Provided records

..............................

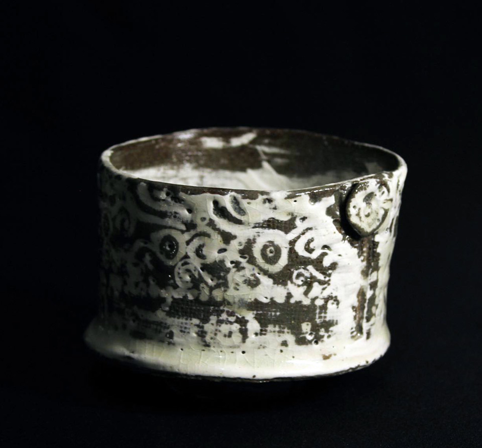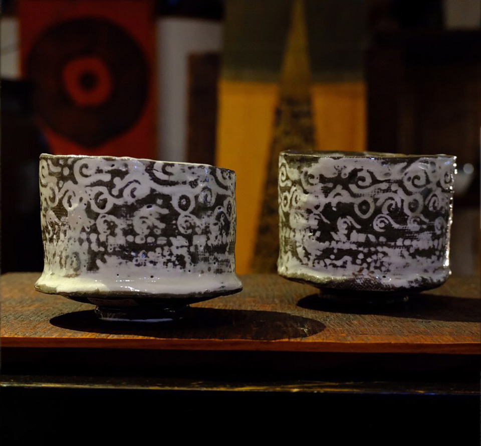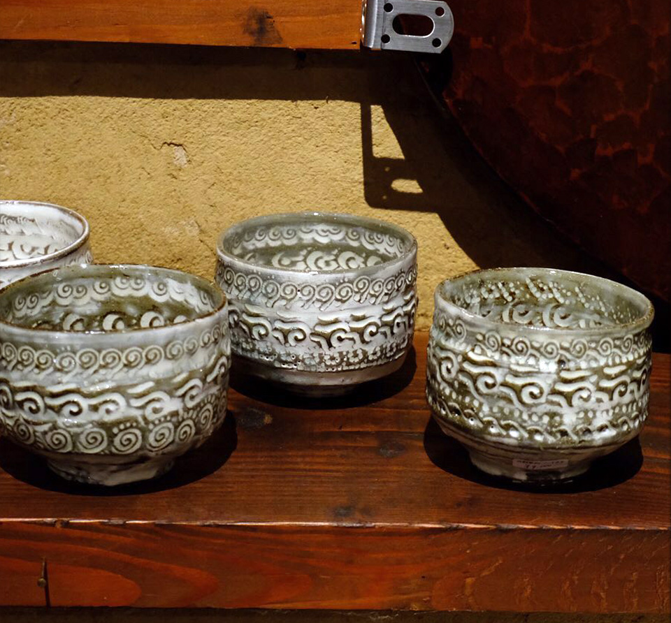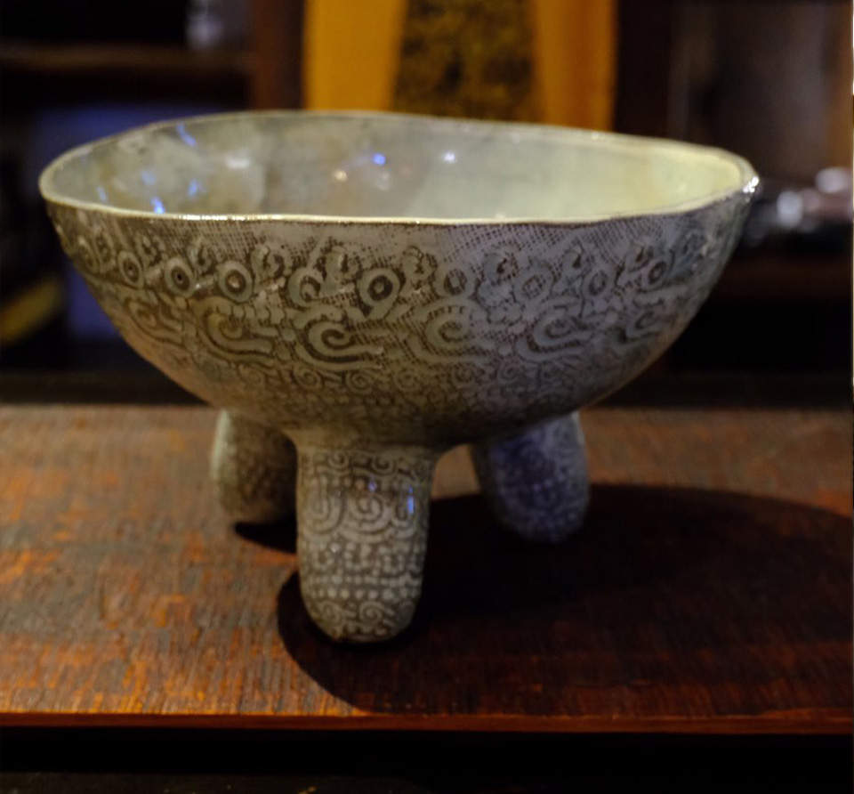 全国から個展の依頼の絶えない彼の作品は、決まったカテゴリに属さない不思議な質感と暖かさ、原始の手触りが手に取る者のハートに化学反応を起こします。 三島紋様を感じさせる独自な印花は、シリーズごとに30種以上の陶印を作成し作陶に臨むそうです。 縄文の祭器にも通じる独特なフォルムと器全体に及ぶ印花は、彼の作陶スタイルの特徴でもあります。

..............................

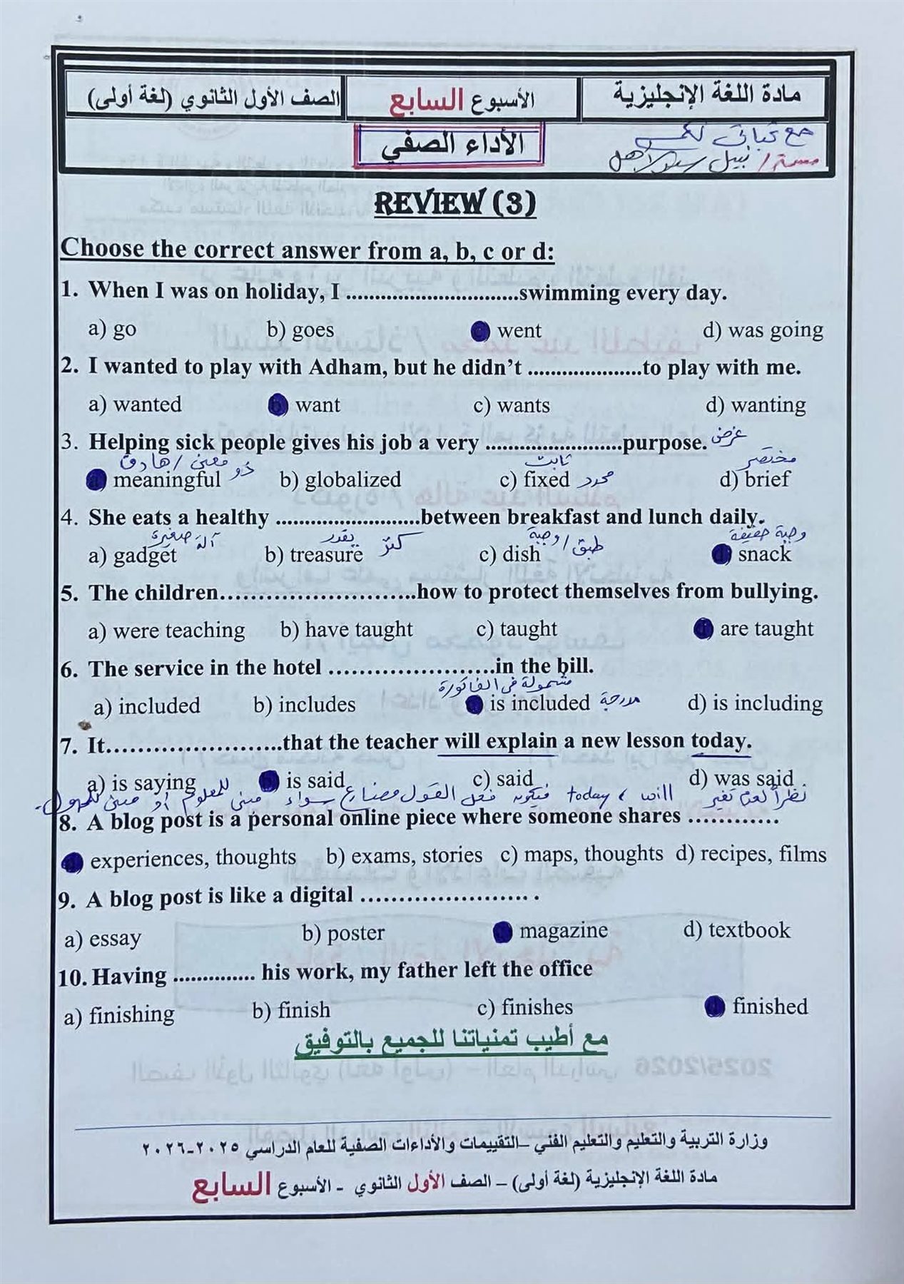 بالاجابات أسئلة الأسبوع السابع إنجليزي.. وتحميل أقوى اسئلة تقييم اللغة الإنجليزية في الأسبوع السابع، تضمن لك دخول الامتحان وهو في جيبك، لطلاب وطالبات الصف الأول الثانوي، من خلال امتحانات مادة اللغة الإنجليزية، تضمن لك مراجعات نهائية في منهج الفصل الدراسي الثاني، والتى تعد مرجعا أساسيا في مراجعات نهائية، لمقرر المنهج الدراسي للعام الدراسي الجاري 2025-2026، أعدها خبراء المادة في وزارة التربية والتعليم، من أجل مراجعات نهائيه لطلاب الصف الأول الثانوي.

..............................

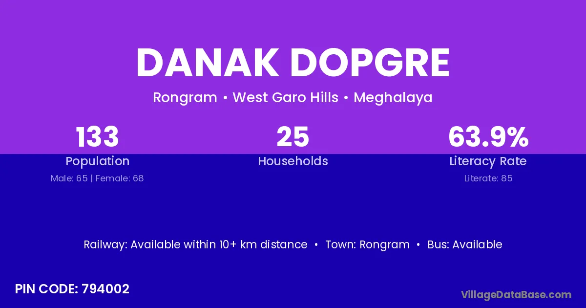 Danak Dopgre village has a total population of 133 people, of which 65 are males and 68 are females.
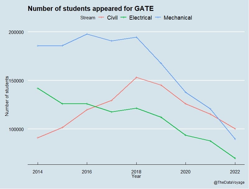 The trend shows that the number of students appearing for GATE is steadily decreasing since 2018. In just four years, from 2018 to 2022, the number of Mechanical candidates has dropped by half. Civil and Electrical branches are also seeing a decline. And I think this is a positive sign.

..............................

Exercise
Range to print from the listing above: from the line with "Danak Dopgre village" up to and including the line with "The trend shows". Please print those lines exactly, with no pictures and nothing more.

Answer to this task
 Danak Dopgre village has a total population of 133 people, of which 65 are males and 68 are females.
 The trend shows that the number of students appearing for GATE is steadily decreasing since 2018. In just four years, from 2018 to 2022, the number of Mechanical candidates has dropped by half. Civil and Electrical branches are also seeing a decline. And I think this is a positive sign.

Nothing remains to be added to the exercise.